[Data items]
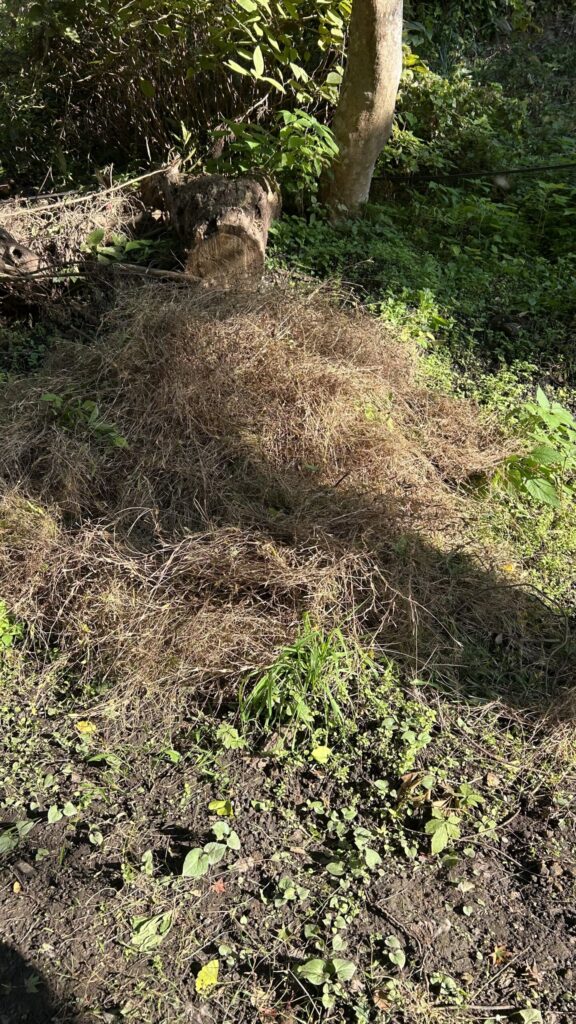 落ち葉の掃き掃除と、草むしりをしてきましたよ。
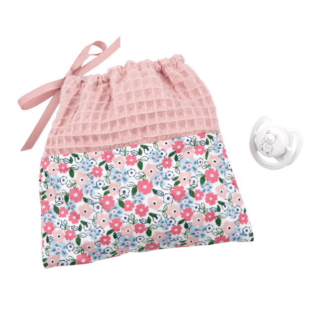 - Rinkinyje yra prie lėlės rūbelių derantis užrišamas medžiaginis maišelis.
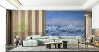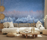 Bring the beauty of winter inside with this stunning vista. The design features a frosted forest bathed in the soft glow of dawn. A blend of blues, whites, and subtle peach hues create a calming visual. Use this wallpaper for walls to transform a bedroom or living room into a tranquil retreat. It also works well in an office, creating a peaceful and inspired work environment. The peaceful image complements many styles.
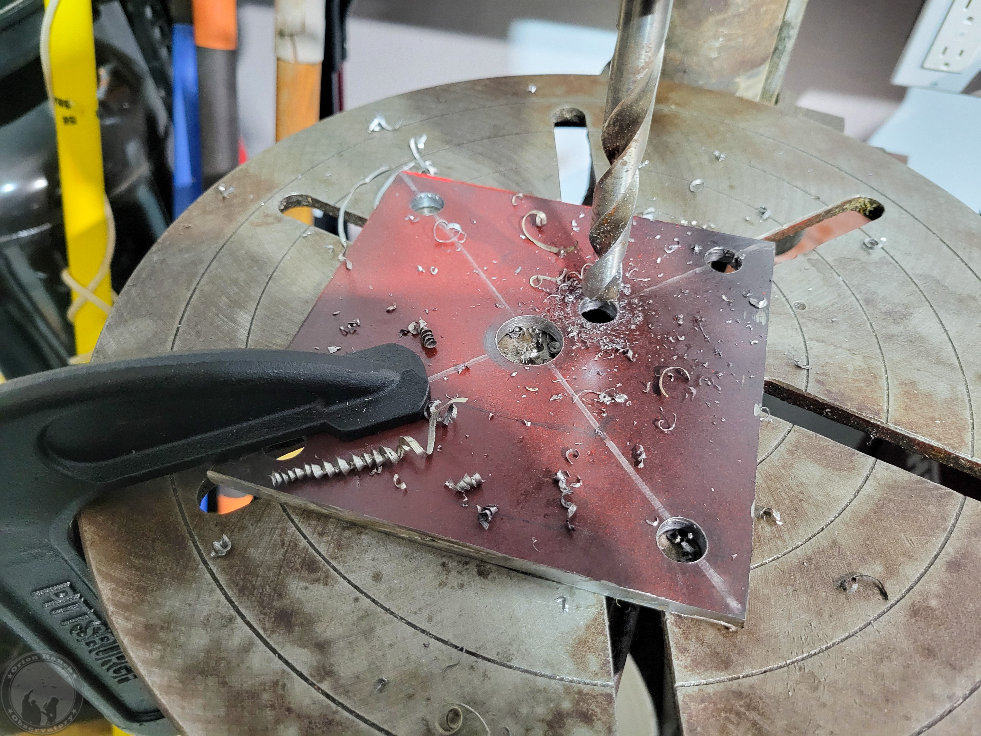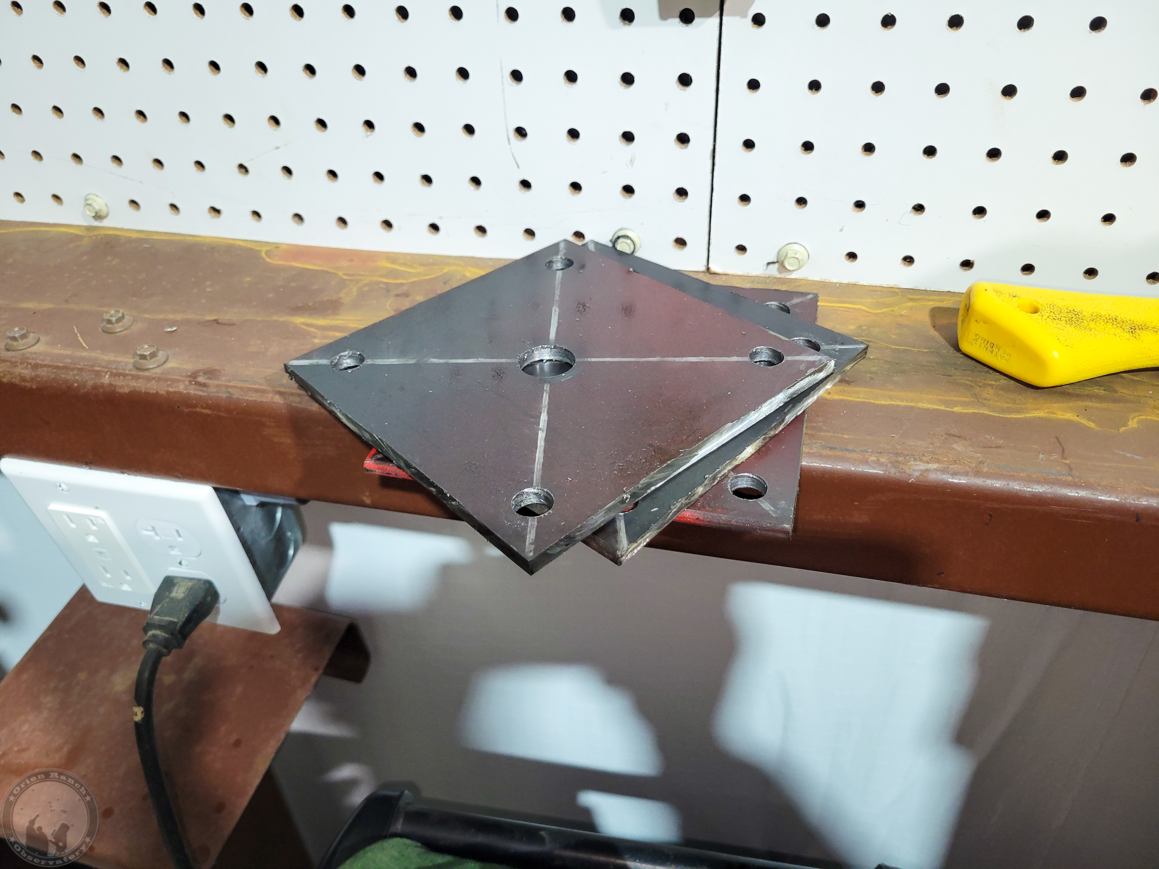 I still didn’t get to welding anything, but spent most of my time stringing guides from the sides of the observatory to check on the alignment.
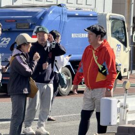 12月16日のBSテレ朝の「ウォーキング日村」で十条が紹介されます。写真はバナナマンの日村勇紀氏が十条冨士講近くでインタビューしている様子です。
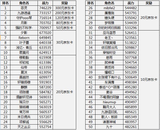 【《天际奇兵》战力大比拼 京东卡免费拿】获奖名单
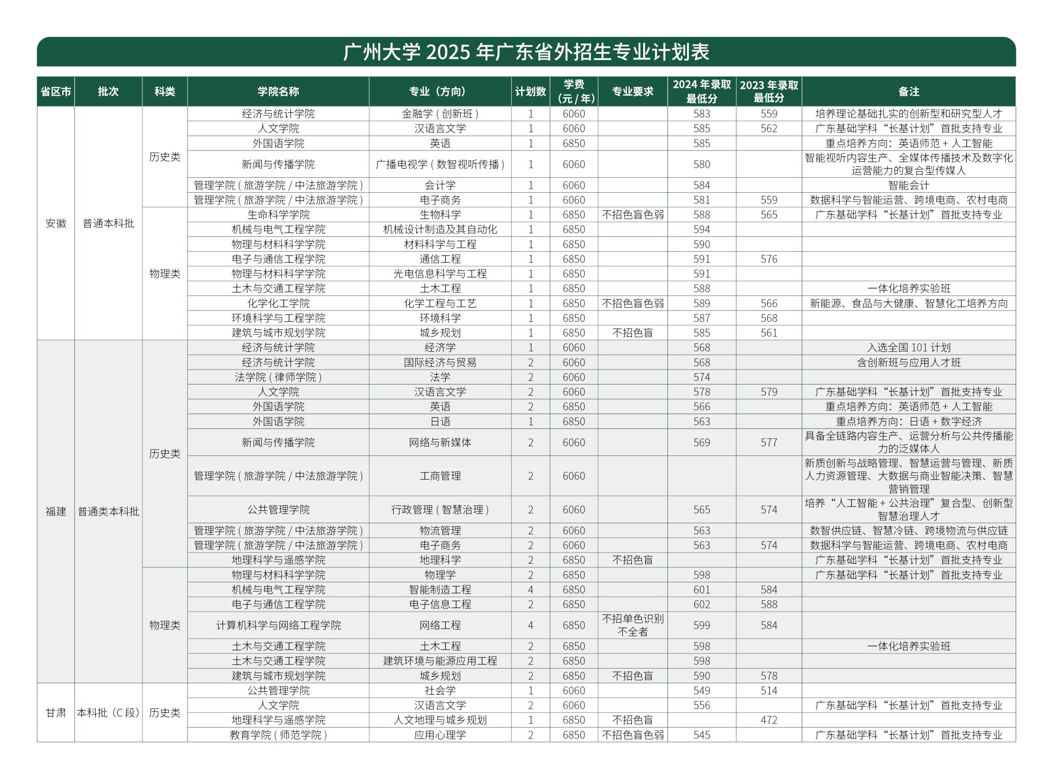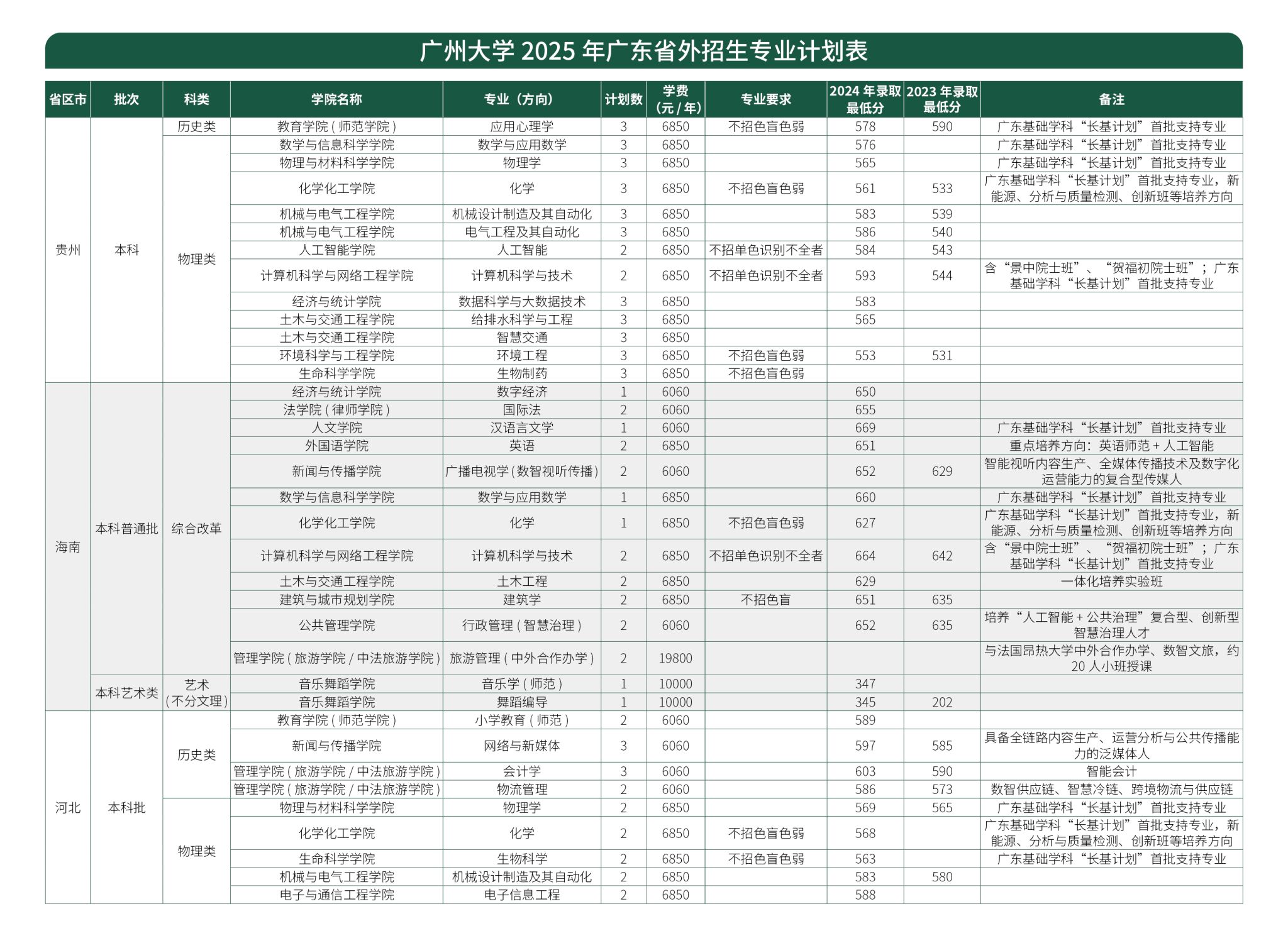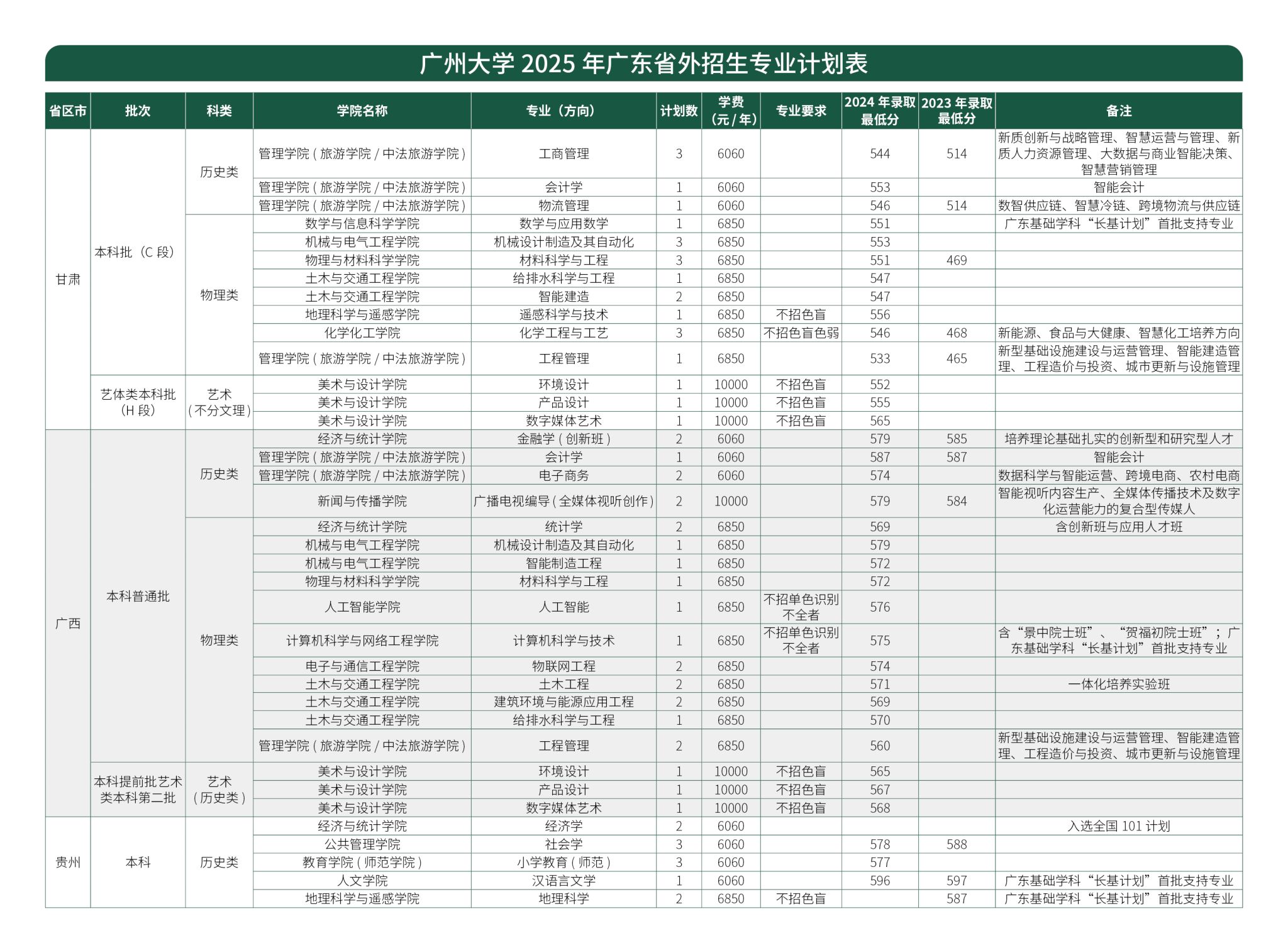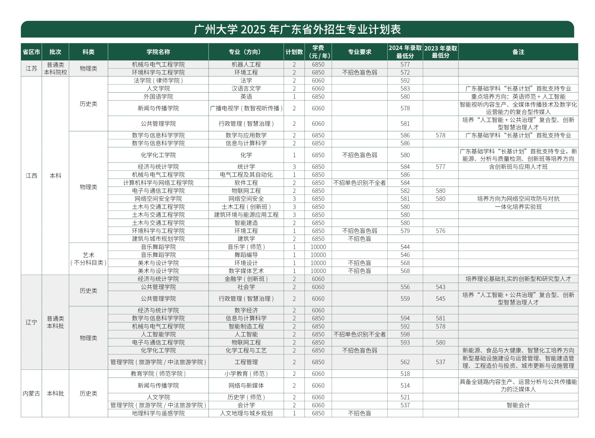 广州大学2025年广东省外招生专业计划表
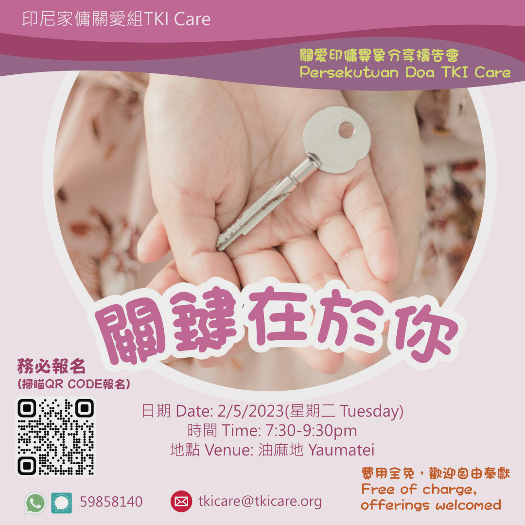 由香港亞協及其他成員機構組成之印尼家傭關愛組年度聚會—關愛印傭異象分享禱告會,今年將主題訂為《關鍵在於你》。 誠邀全港華人堂會和信徒,同心領受異象,同來為救恩臨到本港印傭禱告。 Spearheaded by AOHK and other [...]
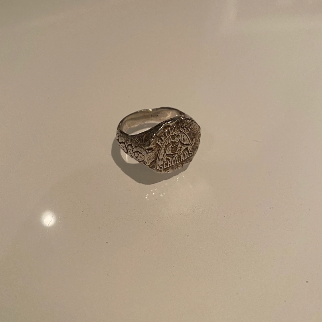 2 st Reckless scholars ringar i silver (925). Storlek S och M som är deras storlekar. Sjukt ovanliga! Pris per ring: 2000kr Kan diskuteras.
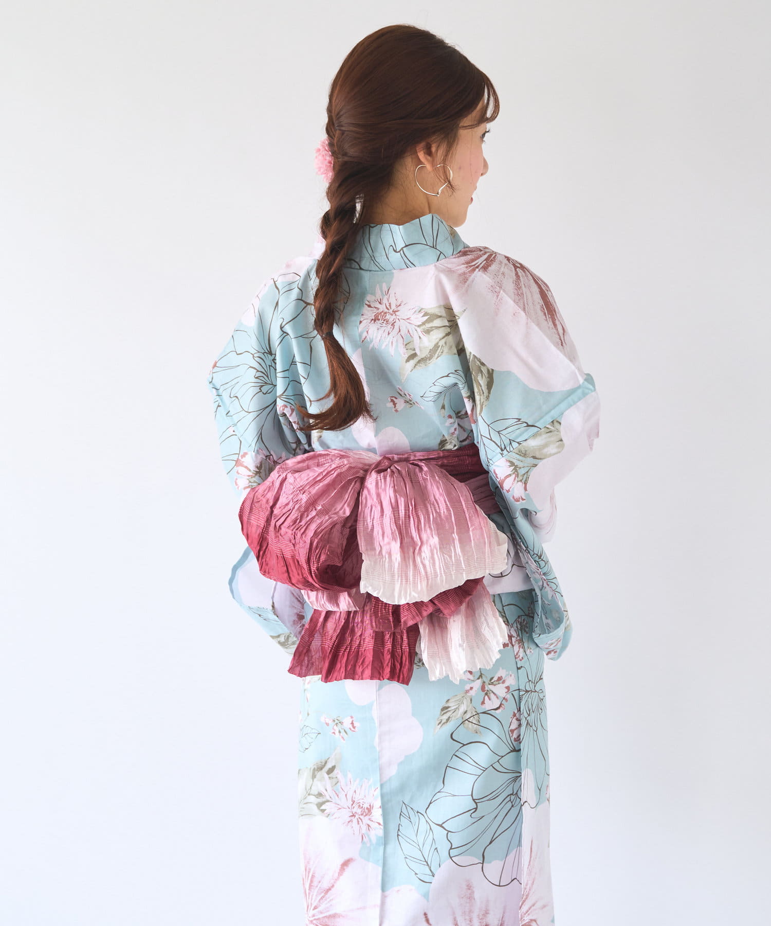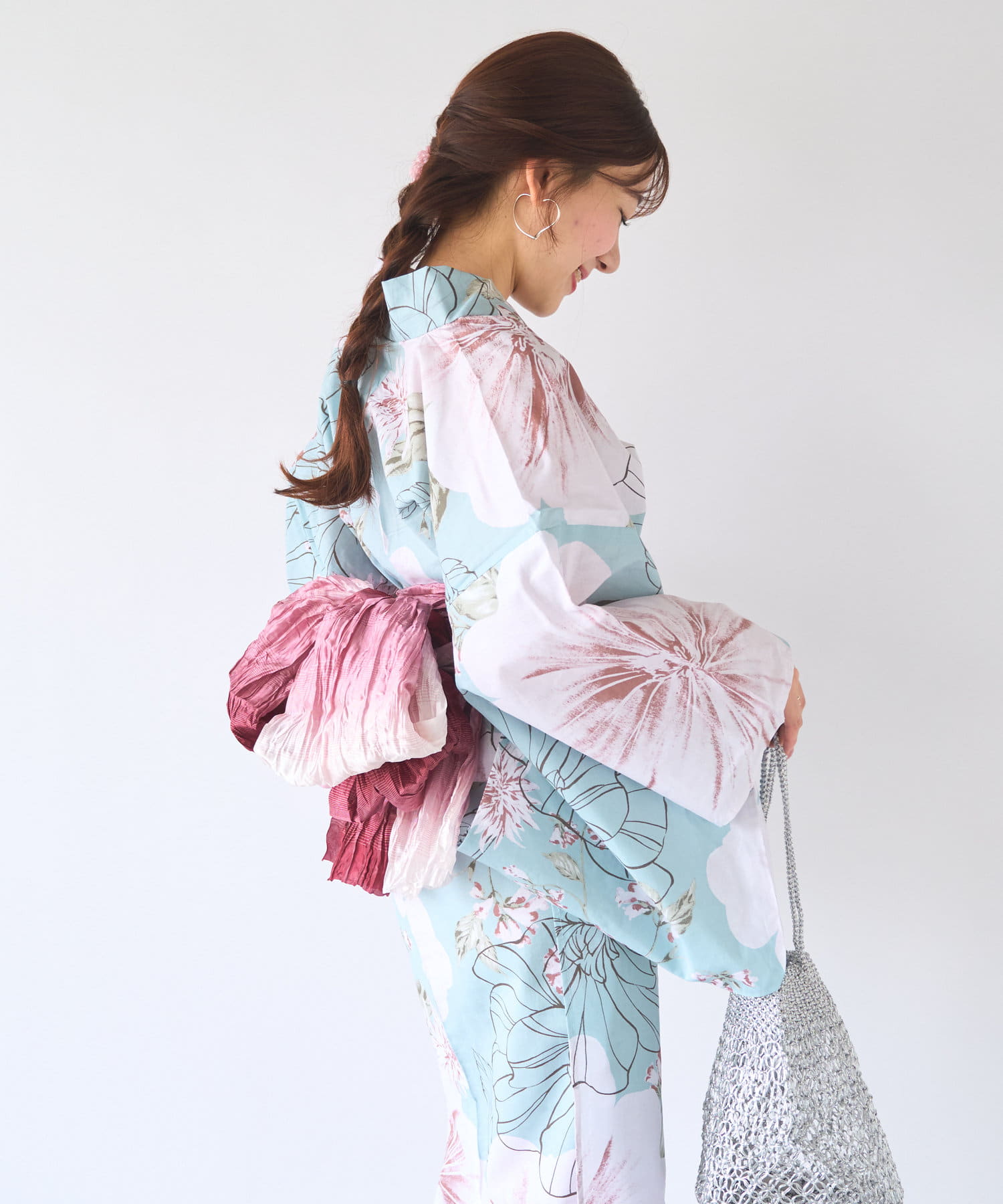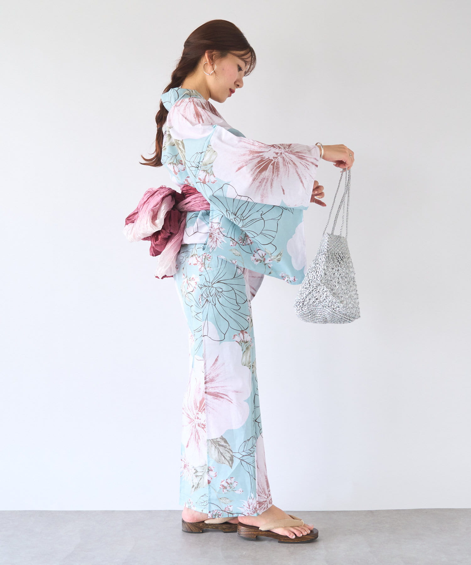 【mikiセレクト】はんなり芙蓉の花重ね/浴衣と帯2点セット

→ **Your assignment**
Leaving out the pictures, restate word for word the lines above from the one containing "12月16日のBSテレ朝の「" through the end of the records, both ends included.

→ **Task answer**
 12月16日のBSテレ朝の「ウォーキング日村」で十条が紹介されます。写真はバナナマンの日村勇紀氏が十条冨士講近くでインタビューしている様子です。
 【《天际奇兵》战力大比拼 京东卡免费拿】获奖名单
 广州大学2025年广东省外招生专业计划表
 由香港亞協及其他成員機構組成之印尼家傭關愛組年度聚會—關愛印傭異象分享禱告會,今年將主題訂為《關鍵在於你》。 誠邀全港華人堂會和信徒,同心領受異象,同來為救恩臨到本港印傭禱告。 Spearheaded by AOHK and other [...]
 2 st Reckless scholars ringar i silver (925). Storlek S och M som är deras storlekar. Sjukt ovanliga! Pris per ring: 2000kr Kan diskuteras.
 【mikiセレクト】はんなり芙蓉の花重ね/浴衣と帯2点セット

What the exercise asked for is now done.